About This Diabetic Retinopathy Study in Hagerstown

Diabetic Retinopathy (DR) is a common eye condition caused by diabetes, where high blood sugar levels damage the blood vessels in the back part of the eye (called the retina). Over time, this damage can lead to vision problems and even blindness if not treated. This study will assess surabgene lomparvovec (sura-vec) as a potential one-time gene therapy administered in the suprachoroidal space (SCS) for the treatment of diabetic retinopathy (DR) and prevention of vision-threatening events (VTEs) in participants with non-proliferative DR (NPDR) without center-involved diabetic macular edema (CI-DME). This study will consist of 3 portions: a Phase 2b portion, a Phase 3 portion, and a bilateral treatment portion. Approximately 576 adult participants will be enrolled in the study across multiple sites in the United States and Puerto Rico. In the Phase 2b and Phase 3 portions, participants will be randomized to different groups to receive sura-vec and prophylactic steroids or sham and artificial tears in their study eye. If assigned to sham, participants will be given an opportunity to cross over and receive treatment with sura-vec. In the bilateral treatment portion, participants will be enrolled to receive sura-vec and prophylactic steroids in both eyes.
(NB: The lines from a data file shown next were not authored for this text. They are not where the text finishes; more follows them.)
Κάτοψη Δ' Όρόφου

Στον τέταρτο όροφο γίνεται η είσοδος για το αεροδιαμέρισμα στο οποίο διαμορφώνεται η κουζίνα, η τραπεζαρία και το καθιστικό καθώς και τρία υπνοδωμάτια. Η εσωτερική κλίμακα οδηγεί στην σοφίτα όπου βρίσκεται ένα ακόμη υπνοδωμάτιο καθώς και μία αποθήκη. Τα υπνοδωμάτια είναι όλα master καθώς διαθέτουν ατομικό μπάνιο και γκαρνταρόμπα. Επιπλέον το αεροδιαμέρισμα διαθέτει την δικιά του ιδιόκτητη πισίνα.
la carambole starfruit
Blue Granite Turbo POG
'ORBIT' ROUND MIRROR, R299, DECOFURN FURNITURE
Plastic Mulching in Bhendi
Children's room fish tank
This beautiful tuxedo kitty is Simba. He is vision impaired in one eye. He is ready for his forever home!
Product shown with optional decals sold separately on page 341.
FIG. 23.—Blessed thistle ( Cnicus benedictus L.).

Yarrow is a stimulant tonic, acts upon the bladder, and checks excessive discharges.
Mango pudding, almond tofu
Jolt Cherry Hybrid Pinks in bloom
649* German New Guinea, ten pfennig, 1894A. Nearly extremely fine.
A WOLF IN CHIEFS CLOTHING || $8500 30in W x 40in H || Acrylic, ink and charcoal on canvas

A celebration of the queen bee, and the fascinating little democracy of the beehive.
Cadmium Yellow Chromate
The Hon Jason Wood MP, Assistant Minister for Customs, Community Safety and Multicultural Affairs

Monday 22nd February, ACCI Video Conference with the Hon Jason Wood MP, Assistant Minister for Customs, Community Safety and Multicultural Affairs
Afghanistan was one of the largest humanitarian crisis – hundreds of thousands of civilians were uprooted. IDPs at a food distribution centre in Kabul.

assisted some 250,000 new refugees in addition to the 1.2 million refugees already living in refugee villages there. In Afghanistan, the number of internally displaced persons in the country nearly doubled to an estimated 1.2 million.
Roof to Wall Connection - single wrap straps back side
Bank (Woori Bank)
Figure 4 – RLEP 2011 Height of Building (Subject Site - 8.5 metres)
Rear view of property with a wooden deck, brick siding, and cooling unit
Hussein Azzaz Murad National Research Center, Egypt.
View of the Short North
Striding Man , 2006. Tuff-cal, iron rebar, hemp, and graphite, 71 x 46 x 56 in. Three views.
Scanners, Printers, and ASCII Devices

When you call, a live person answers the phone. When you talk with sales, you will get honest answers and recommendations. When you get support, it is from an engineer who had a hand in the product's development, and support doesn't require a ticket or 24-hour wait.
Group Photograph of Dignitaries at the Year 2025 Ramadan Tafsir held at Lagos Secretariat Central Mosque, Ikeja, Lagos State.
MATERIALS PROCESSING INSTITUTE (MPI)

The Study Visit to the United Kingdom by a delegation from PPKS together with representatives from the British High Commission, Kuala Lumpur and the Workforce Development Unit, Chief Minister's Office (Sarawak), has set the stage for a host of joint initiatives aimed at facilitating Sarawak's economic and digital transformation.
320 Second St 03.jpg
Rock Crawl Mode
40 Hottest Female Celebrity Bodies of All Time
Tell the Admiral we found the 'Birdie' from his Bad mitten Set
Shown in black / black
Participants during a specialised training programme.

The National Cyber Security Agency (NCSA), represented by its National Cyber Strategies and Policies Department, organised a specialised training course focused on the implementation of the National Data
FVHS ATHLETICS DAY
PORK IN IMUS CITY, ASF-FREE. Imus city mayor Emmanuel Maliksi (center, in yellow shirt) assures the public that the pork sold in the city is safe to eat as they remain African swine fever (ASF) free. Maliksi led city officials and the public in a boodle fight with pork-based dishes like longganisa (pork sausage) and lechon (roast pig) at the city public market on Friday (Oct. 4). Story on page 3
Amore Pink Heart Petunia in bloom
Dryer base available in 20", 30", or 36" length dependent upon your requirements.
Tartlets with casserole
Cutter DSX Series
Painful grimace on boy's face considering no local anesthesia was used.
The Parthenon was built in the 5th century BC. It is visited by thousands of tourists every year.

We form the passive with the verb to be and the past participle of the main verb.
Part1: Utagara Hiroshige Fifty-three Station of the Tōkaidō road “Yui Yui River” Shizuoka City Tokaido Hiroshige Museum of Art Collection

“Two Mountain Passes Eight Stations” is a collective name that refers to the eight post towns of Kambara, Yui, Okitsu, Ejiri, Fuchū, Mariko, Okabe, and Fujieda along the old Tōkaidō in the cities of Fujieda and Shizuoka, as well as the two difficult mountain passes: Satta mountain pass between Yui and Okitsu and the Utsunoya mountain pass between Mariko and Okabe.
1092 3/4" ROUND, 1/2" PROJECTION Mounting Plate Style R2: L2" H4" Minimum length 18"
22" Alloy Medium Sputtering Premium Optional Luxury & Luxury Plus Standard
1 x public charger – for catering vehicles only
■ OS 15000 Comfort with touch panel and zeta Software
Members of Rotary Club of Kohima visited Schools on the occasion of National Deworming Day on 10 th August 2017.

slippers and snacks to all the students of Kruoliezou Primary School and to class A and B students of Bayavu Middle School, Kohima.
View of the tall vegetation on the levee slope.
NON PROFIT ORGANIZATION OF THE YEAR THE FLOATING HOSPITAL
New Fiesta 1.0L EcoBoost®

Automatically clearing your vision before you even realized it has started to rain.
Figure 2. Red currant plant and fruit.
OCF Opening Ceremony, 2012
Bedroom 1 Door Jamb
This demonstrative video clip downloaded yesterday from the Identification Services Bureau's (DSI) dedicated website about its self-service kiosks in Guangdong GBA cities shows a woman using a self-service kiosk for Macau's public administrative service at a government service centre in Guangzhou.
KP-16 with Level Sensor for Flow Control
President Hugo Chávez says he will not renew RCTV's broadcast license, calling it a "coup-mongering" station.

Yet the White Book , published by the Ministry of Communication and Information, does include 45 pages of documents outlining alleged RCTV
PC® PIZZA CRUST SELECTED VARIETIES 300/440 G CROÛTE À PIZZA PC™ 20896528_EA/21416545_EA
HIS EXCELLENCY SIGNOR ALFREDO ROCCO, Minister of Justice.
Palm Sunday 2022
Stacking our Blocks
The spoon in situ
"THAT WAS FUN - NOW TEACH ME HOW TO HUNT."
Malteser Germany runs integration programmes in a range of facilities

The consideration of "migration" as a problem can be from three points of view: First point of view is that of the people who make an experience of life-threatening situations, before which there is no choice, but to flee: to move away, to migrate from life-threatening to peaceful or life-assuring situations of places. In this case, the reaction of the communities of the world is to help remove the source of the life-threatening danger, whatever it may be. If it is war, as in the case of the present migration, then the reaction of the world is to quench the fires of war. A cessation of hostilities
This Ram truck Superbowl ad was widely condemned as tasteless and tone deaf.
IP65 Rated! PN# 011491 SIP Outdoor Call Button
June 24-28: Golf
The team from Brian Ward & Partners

In all 3 portions, follow-up in the study will continue through 5 years following administration of sura-vec in each eye. There may be higher treatment burden for participants in this trial compared to their standard of care. Participants will attend regular visits during the study at a clinic. The effect of the treatment will be checked by medical assessments, blood tests, checking for side effects and completing questionnaires.

Sponsor: AbbVie

Who Can Participate

Inclusion Criteria

Ocular (Study Eye for Phase 2b and Phase 3 Portions; Both Eyes for Bilateral Portion)
Moderately severe or severe nonproliferative diabetic retinopathy (NPDR) (early treatment diabetic retinopathy study-diabetic retinopathy severity scale \[DRSS\] level 47 or 53) for which panretinal photocoagulation (PRP) or anti- vascular endothelial growth factor (VEGF) can be safely deferred for at least 6 months after Screening Visit 1.
Best-corrected visual acuity (BCVA) in the study eye of \>= 69 Early treatment diabetic retinopathy study letters (approximate Snellen equivalent 20/40 or better) at Screening Visit 1. Systemic • Diabetic retinopathy (DR) secondary to diabetes mellitus Type 1 or 2 with a hemoglobin A1c (HbA1c)\< 12% within 60 days prior to Screening Visit 1.

Exclusion Criteria

Ocular (Study Eye for Phase 2b and Phase 3 Portions; Both Eyes for Bilateral Portion)
Presence of active center involved-diabetic macular edema (CI-DME) in the study eye as determined by spectral domain optical coherence tomography (SD-OCT) evaluated by the central reading center (CRC), using the following threshold: Central retinal thickness (CRT) \>= 320 μm as measured by Heidelberg Spectralis SD-OCT (conversion to equivalent measurement is required and performed by the CRC if imaging is done with another SD-OCT instrument).
Active ocular inflammation including scleral inflammation (including episcleritis) or ocular/ periocular infection present in either eye at Screening Visit 1 or Screening Visit 2
Neovascularization from a cause other than DR, per investigator
Evidence or documented history of panretinal photocoagulation (PRP) or retinal laser therapy
History of intravitreal therapy, including anti-VEGF and long- or short-acting steroid therapy, within the prior 6 months and documentation of more than 10 prior anti-VEGF or short acting steroid intravitreal injections within 36 months of Screening Visit 1
Pregnant and breastfeeding individuals are excluded from this clinical study. Systemic
Initiation of intensive insulin treatment (pump or multiple daily injections) within the past 6 months or plans to do so within 52 weeks after Day 1
Initiation of any treatment containing a GLP-1 receptor agonist within the 3 months prior to Screening Visit 1 or plans to do so within 52 weeks after Day 1
Pregnant and breastfeeding individuals are excluded from this clinical study

Not sure if you qualify? Submit your interest and a study coordinator will help determine your eligibility.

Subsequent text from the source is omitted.